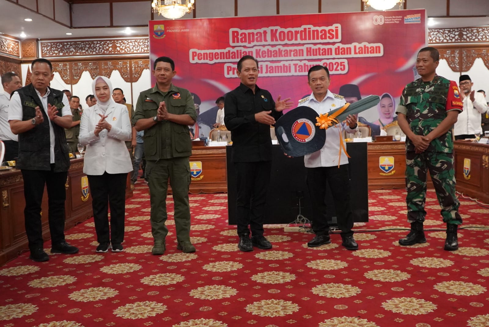 Pada kesempatan tersebut juga diserahkan secara simbolis bantuan dukungan peralatan dan logistik penanganan tanggap darurat bencana kebakaran hutan dan lahan yang diserahkan langsung oleh Menteri Lingkungan Hidup RI kepada Gubernur Jambi dan Danrem 042/GAPU, senilai Rp. 3.544.139.600 dengan rincian 2 unit motor Karhutla, 1 unit motor pemadam kebakaran 3 roda, 25 unit pompa jinjing 2 HP dan kelengkapannya, 20 unit APD Karhutla serta 10 unit alat pendukung wajah khusus personal.
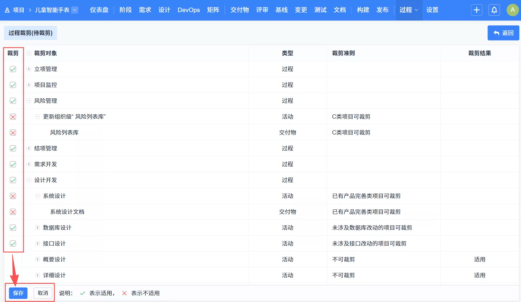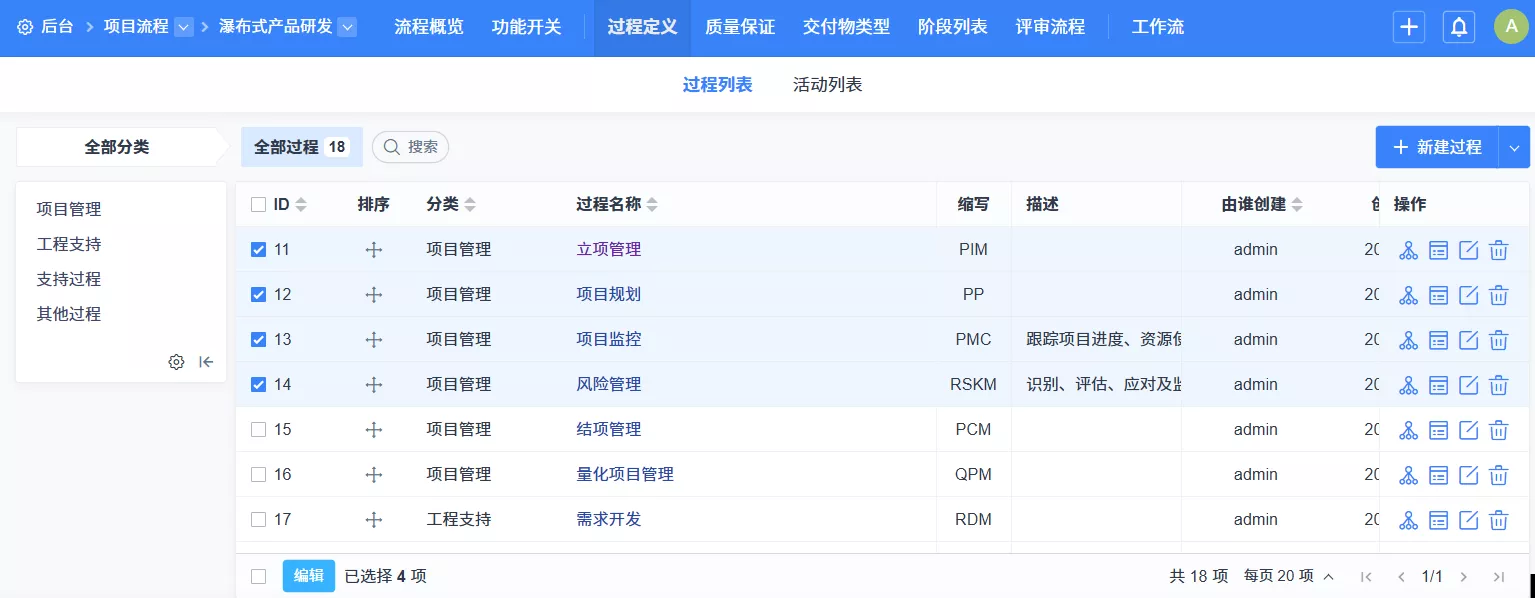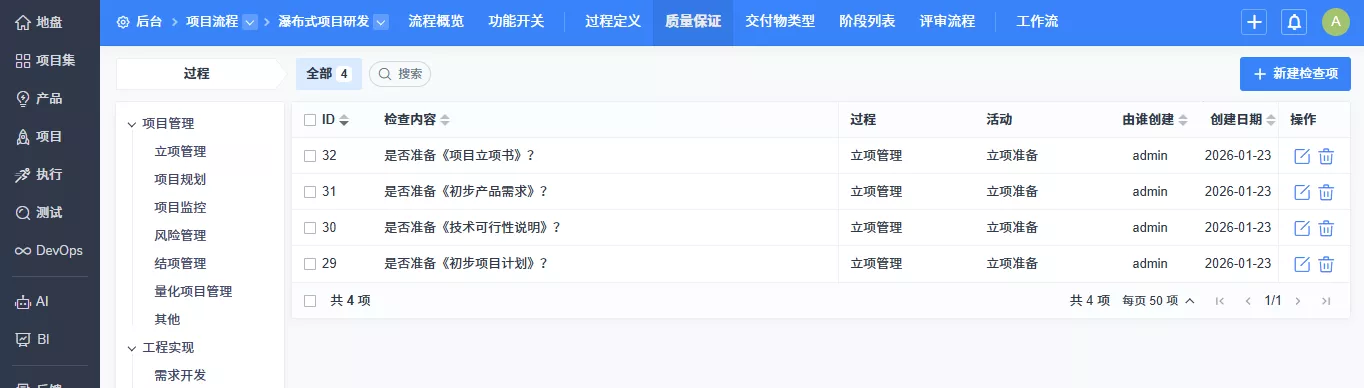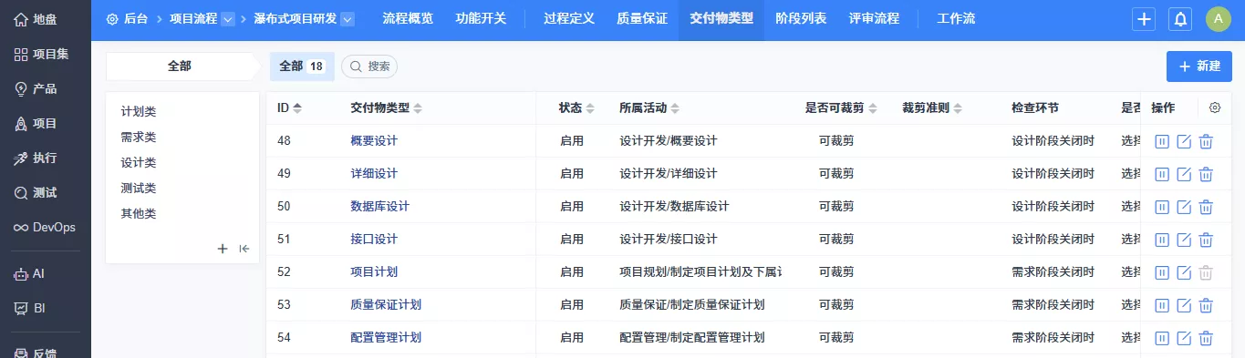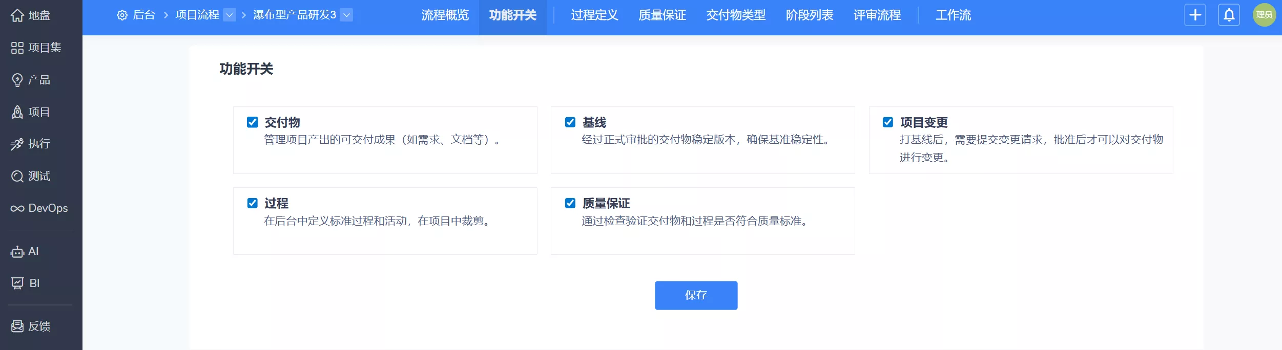 ▼项目流程中支持功能开关,可以独立开启交付物、过程、质量保证、基线、变更功能。
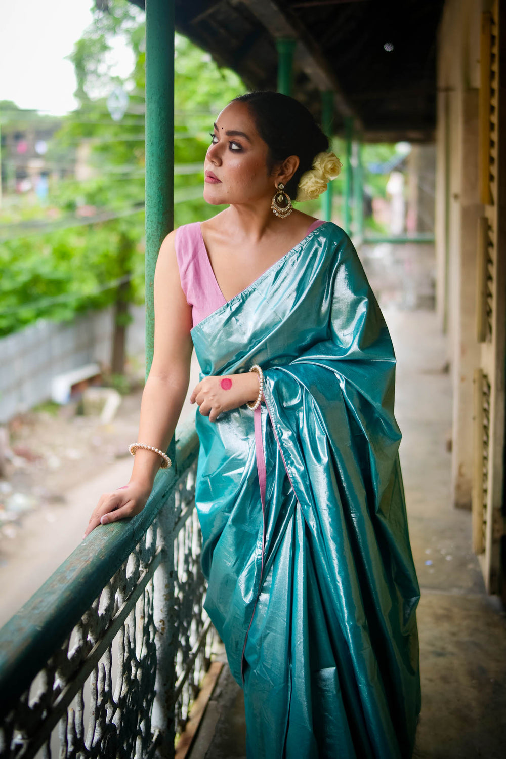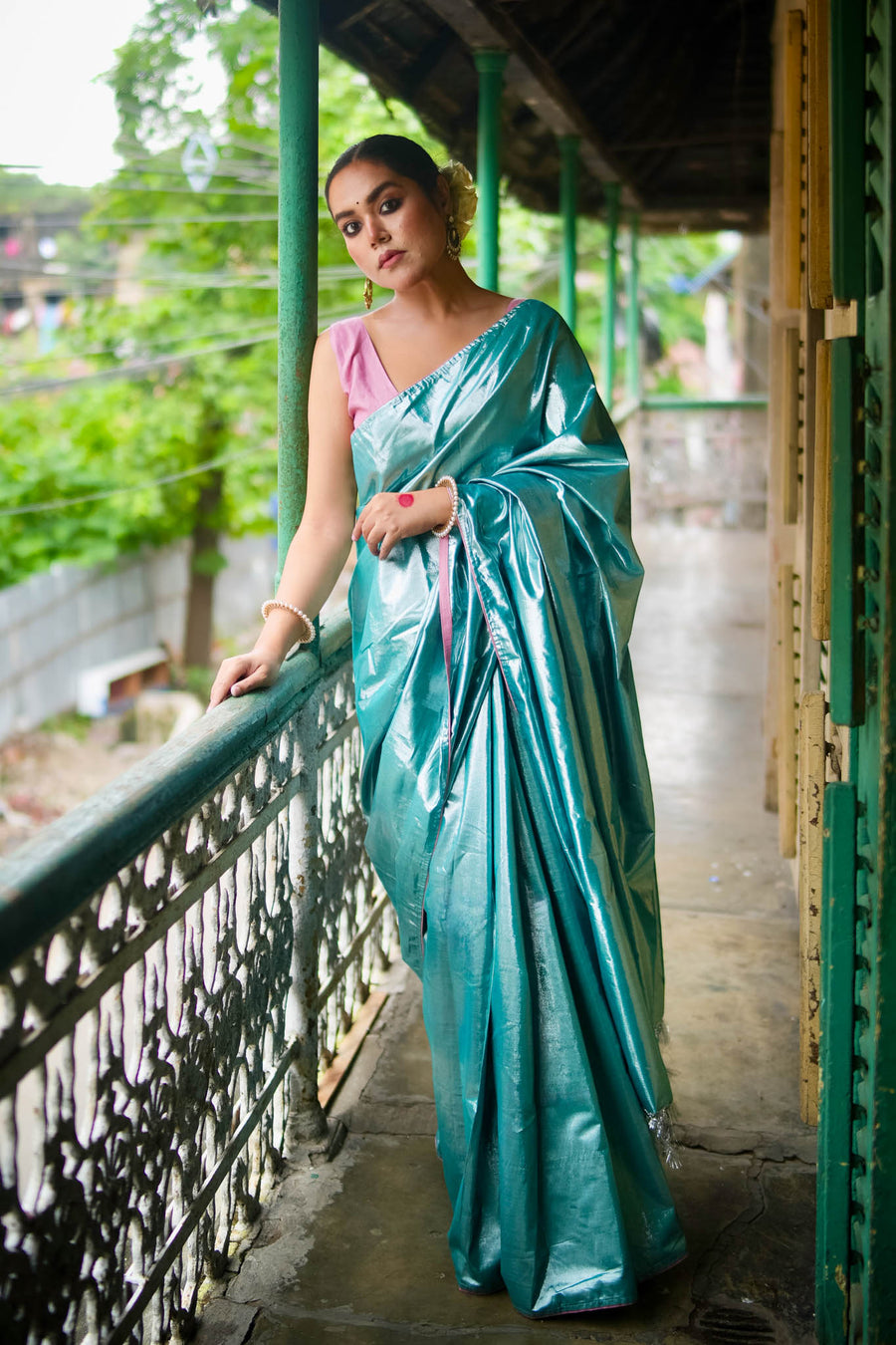 This soft blue tissue saree with delicate pink piping comes with a coordinated blouse. Ujwala carries a gentle glow, perfect for Diwali evenings when you want to shine without going over the top.

■ **TASK REQUIREMENTS**
Through to the final line, copy the material above exactly and skip the images.

■ **RESPONSE FOR THIS EXERCISE**
 Pada kesempatan tersebut juga diserahkan secara simbolis bantuan dukungan peralatan dan logistik penanganan tanggap darurat bencana kebakaran hutan dan lahan yang diserahkan langsung oleh Menteri Lingkungan Hidup RI kepada Gubernur Jambi dan Danrem 042/GAPU, senilai Rp. 3.544.139.600 dengan rincian 2 unit motor Karhutla, 1 unit motor pemadam kebakaran 3 roda, 25 unit pompa jinjing 2 HP dan kelengkapannya, 20 unit APD Karhutla serta 10 unit alat pendukung wajah khusus personal.
 ▼项目流程中支持功能开关,可以独立开启交付物、过程、质量保证、基线、变更功能。
 This soft blue tissue saree with delicate pink piping comes with a coordinated blouse. Ujwala carries a gentle glow, perfect for Diwali evenings when you want to shine without going over the top.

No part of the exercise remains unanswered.